● **DIRECTIONS**: The whole listing below, with no pictures, is to be repeated as it stands.

● **RAW DATA**:
==================================================
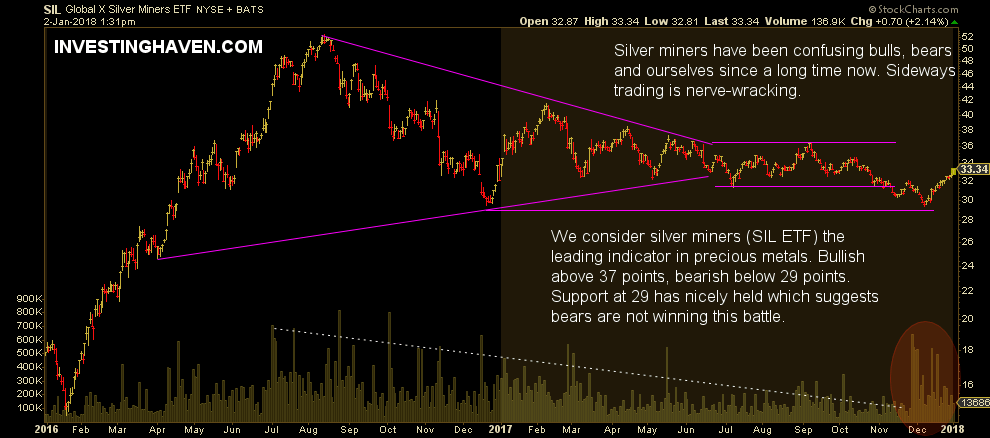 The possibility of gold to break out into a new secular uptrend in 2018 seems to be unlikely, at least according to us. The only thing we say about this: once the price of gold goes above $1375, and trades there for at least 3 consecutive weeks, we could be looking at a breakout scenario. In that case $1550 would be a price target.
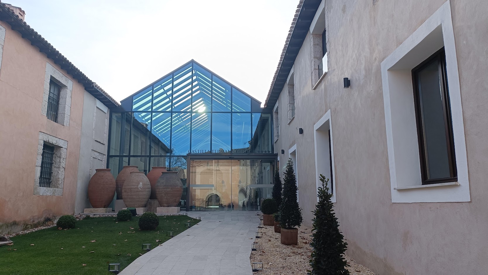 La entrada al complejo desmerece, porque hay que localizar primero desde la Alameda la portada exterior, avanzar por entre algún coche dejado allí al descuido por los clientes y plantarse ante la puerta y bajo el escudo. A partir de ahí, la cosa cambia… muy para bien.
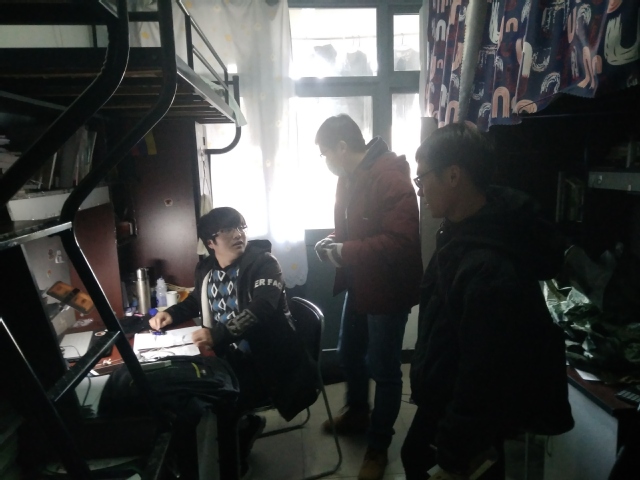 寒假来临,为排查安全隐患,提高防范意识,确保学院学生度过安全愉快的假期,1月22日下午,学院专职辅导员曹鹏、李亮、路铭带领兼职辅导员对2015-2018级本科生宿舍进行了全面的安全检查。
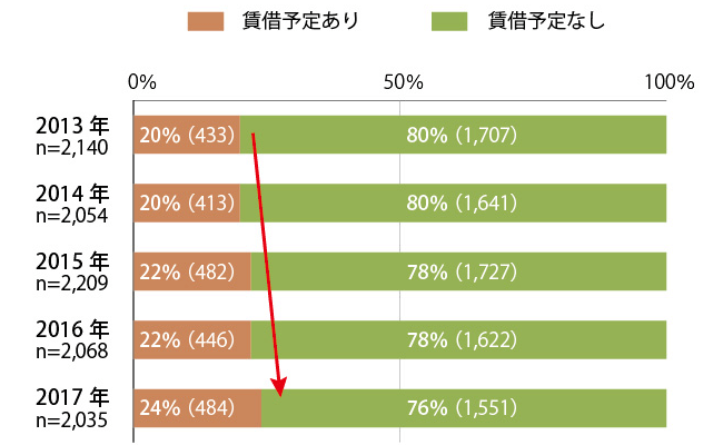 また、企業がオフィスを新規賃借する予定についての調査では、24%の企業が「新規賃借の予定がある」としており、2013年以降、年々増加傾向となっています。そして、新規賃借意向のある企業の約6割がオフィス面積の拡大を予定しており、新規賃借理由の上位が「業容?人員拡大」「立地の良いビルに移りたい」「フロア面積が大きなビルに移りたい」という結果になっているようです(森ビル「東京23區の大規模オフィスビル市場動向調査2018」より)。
==================================================
● **EXERCISE RESULT**:
 The possibility of gold to break out into a new secular uptrend in 2018 seems to be unlikely, at least according to us. The only thing we say about this: once the price of gold goes above $1375, and trades there for at least 3 consecutive weeks, we could be looking at a breakout scenario. In that case $1550 would be a price target.
 La entrada al complejo desmerece, porque hay que localizar primero desde la Alameda la portada exterior, avanzar por entre algún coche dejado allí al descuido por los clientes y plantarse ante la puerta y bajo el escudo. A partir de ahí, la cosa cambia… muy para bien.
 寒假来临,为排查安全隐患,提高防范意识,确保学院学生度过安全愉快的假期,1月22日下午,学院专职辅导员曹鹏、李亮、路铭带领兼职辅导员对2015-2018级本科生宿舍进行了全面的安全检查。
 また、企業がオフィスを新規賃借する予定についての調査では、24%の企業が「新規賃借の予定がある」としており、2013年以降、年々増加傾向となっています。そして、新規賃借意向のある企業の約6割がオフィス面積の拡大を予定しており、新規賃借理由の上位が「業容?人員拡大」「立地の良いビルに移りたい」「フロア面積が大きなビルに移りたい」という結果になっているようです(森ビル「東京23區の大規模オフィスビル市場動向調査2018」より)。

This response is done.